Despite COVID-19, GJTEA organizers discovered a way to continue introducing Japanese tea farmers to the world. They created online meetings with farmers. Registered participants (ten at most) receive two high-quality teas before the event. During a Zoom meeting, everyone drinks tea and interacts directly with the tea farmers.

Tea fields in Wazuka Kyoto, GJTEA
Tea fields in Wazuka Kyoto. Photo courtesy GJTEA

Global Japanese Tea Party

The GJTEA website describes the Global Japanese Tea Party as “a freestyle event, where everyone can join the conversation while brewing Japanese tea from your own home. All you need is tea, hot water, and a laptop or a smartphone with Zoom on it.”

These parties facilitate productivity. Participants are sharing knowledge and building successful businesses. At one party, an Australian selling Japanese tea advised a Californian who was setting up a Japanese tea business. The Swedish owner of a tea shop connected with organic tea producers in Japan. Check the GJTEA website for the date of the next one. 

Live Japanese Tea Sessions

Live Japanese Tea Sessions are interactive global conversations about tea that take place live on the GJTEA Facebook page. Each one involves a “Japanese tea professional speaking about their discovery of Japanese tea, current activities, and the present tea situation in their city or country.” Listeners are invited to join the conversation. The next speaker on October 7 will be Bonnie Robin from Parlor Tea in Australia.

Sencha set. Photo courtesy GJTEA

“Teaism is a cult founded on the adoration of the beautiful among the sordid facts of everyday existence. It inculcates purity and harmony, the mystery of mutual charity, the romanticism of the social order.” – Okakura Kakuzo, 1906

 

 

 

 

 

 

 

 

 

Japanese Tea Courses

GJTEA offers a depth of experiential education (touching, smelling, picking, being in tea fields) of GJTEA’s Japanese tea and culture courses: Japanese Tea Foundation Course, Japanese Tea Intermediate Course, and Japanese Tea Master Course. These courses benefit tourism marketers, tea shop owners, traders, and others in the tea industry and those who just love and want to learn more about Japanese tea. Students are from Thailand, Indonesia, the US, Europe, Australia, and parts of the world.

Before the pandemic, these courses were offered in Kyoto, The Hague, Ghent, and Madrid. Future plans include courses in more locations. For now, the Japanese Tea Foundation Course is available online. The next one starts in October.

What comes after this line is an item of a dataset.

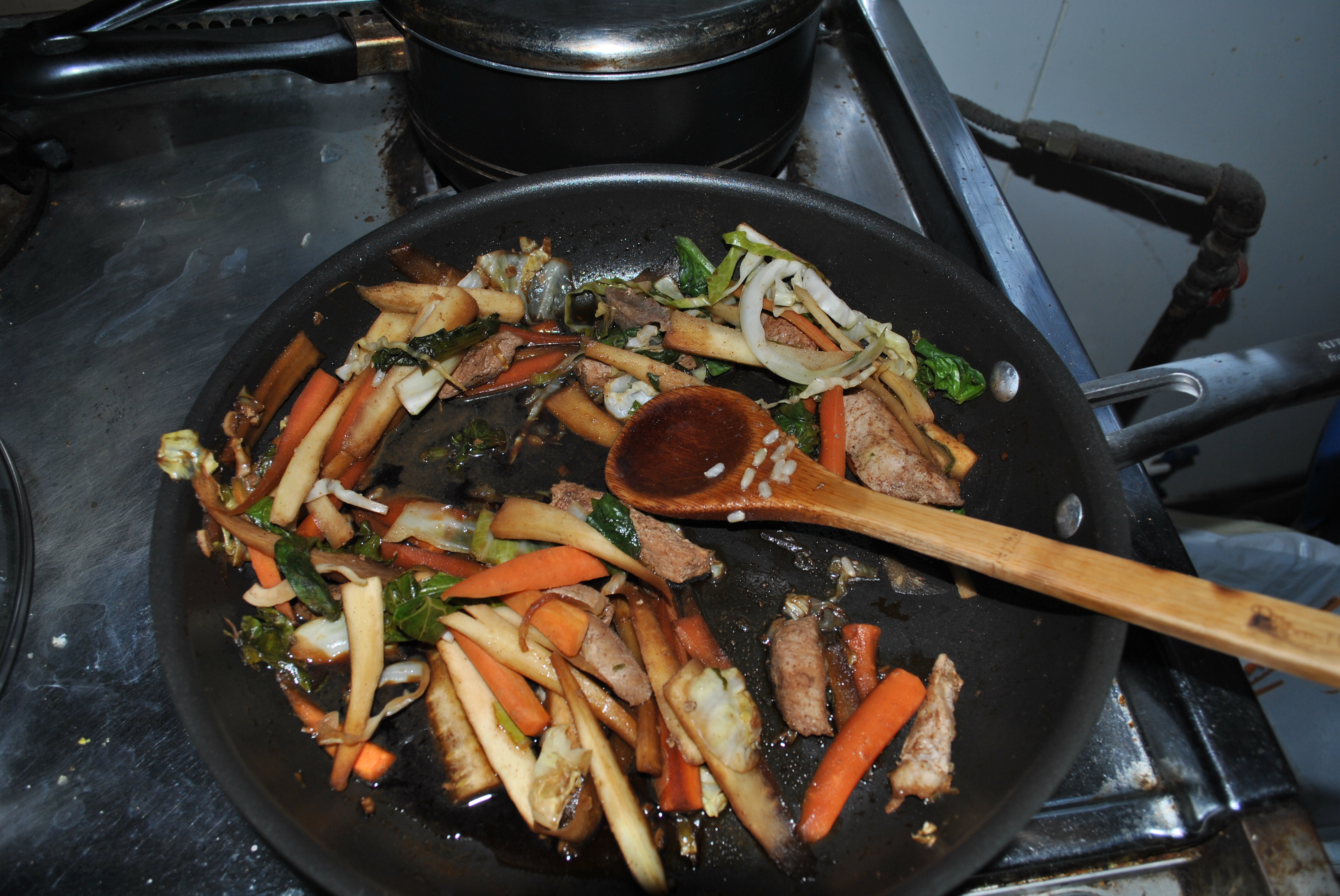 So the other day – actually it was a week ago – I had some pork chops that had been in the freezer since a sale in the fall. No one wanted pork chops and however I was fixing them back then so I had frozen the remainder of the chops uncooked. I took these out to thaw and then went through the fridge. I had parsnips – bought for beef and beer stew a few weeks back, carrots – always on hand, cabbage – leftover from St Patrick’s Day and not yet cooked, celery – always on hand, spinach – always on hand. I decided then and there it was pork stir fry

International tea trade services

Besides education, GJTEA helps foreign business people who need assistance with the Japanese tea industry. Introductions, translation, and the processing of import and export documents are some of the trade services it provides.

Tea bud, GJTEA
Tea bud signals the arrival of spring. Photo courtesy GJTEA.

Zavadckyte says that GJTEA wants to “provide a platform for tea people to meet and connect.” The Global Japan Tea Association is obviously about Japanese tea, but it is also about making and developing human relations that transcend national boundaries.